Dr Manu Vatish, Dr Sofia Cerdeira and Dr Tim James (Department of Clinical Biochemistry, Oxford University Hospitals NHS Foundation Trust) worked extensively around the potential use of laboratory tests that could offer clinicians reassurance of their PE diagnosis while avoiding hospitalization of patients who won’t develop the condition. They found significant opportunity in two angiogenic biomarkers: Placental Growth Factor (PlGF), and its receptor, Soluble Flt-1. These biomarkers showed a very powerful negative predictive value, meaning they were a reliable indicator of patients who were not likely to develop PE.

The test was developed by Roche Diagnostics and a clinical trial was run at the John Radcliffe Hospital (Oxford University Hospitals NHS Foundation Trust).

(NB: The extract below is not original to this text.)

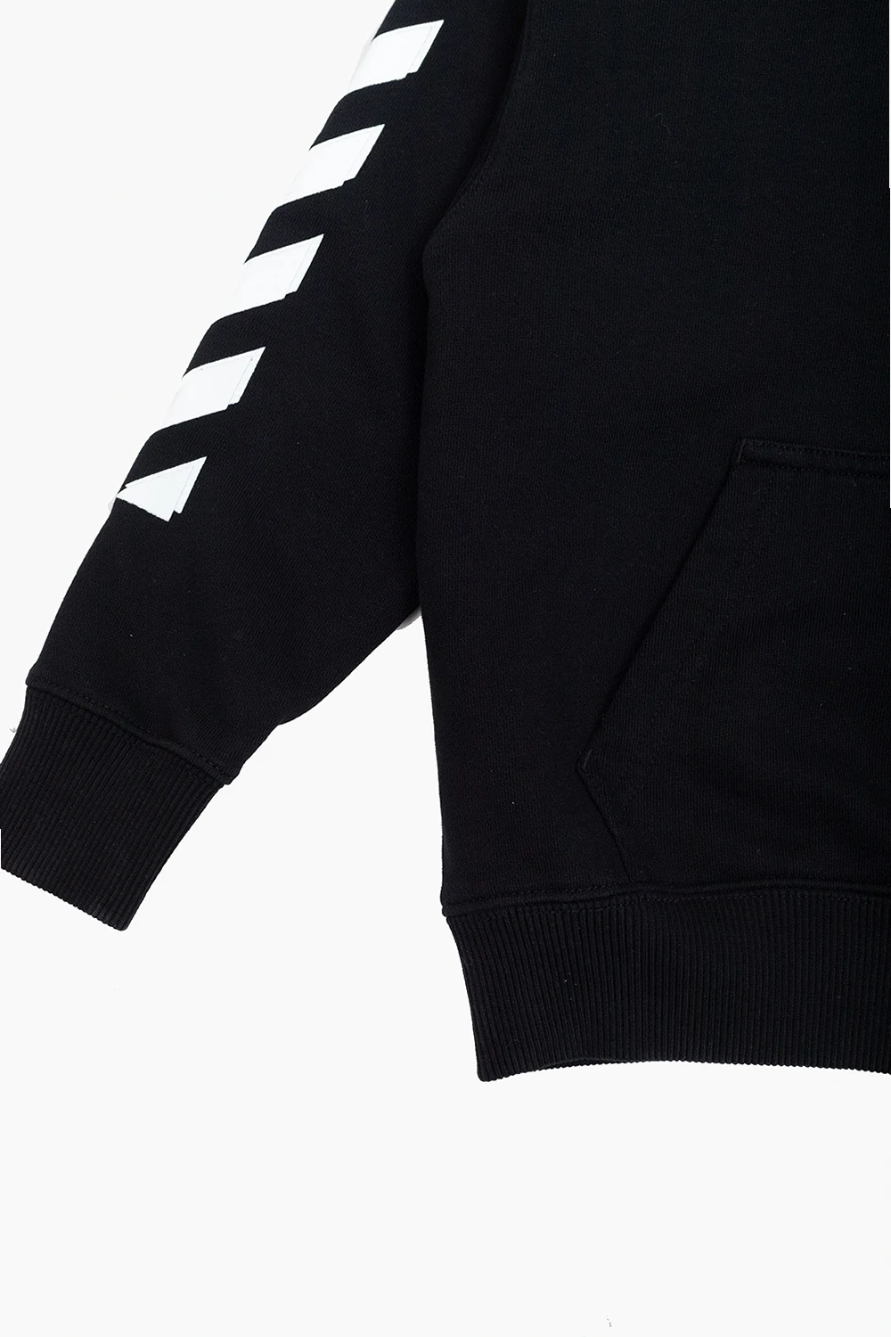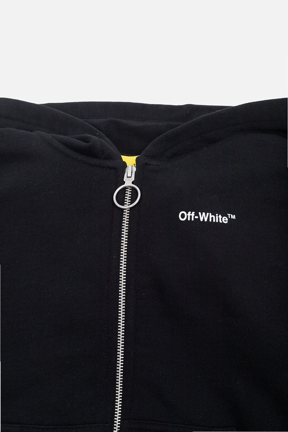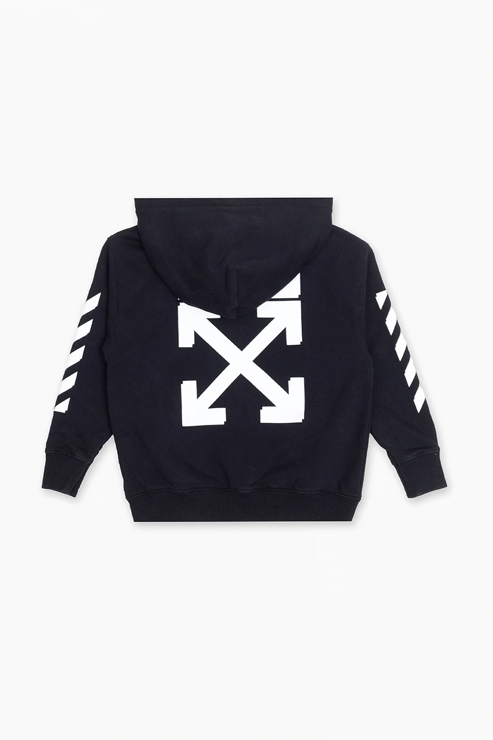 Black hoodie from Off-White Kids. Made of cotton, this style fastens with a zipper and features a printed white logo on the front, two pockets and ribbed trims on the bottom hem and long sleeves.

Following improved patient outcomes, the Oxford Academic Health Science Network launched the test to other maternity units across the UK. It has been well-received by patients, who are often unnecessarily frightened when PE is explained to them during prenatal visits. Hospitalization can be a frustrating experience for patients who ultimately have their baby without issue.

This high profile award attracted 300 applications from 97 countries. It is a fantastic acknowledgment of how shared expertise across disciplines, including the core laboratory, can reshape care pathways and ultimately achieve better outcomes for patients, clinicians, payers and entire health systems.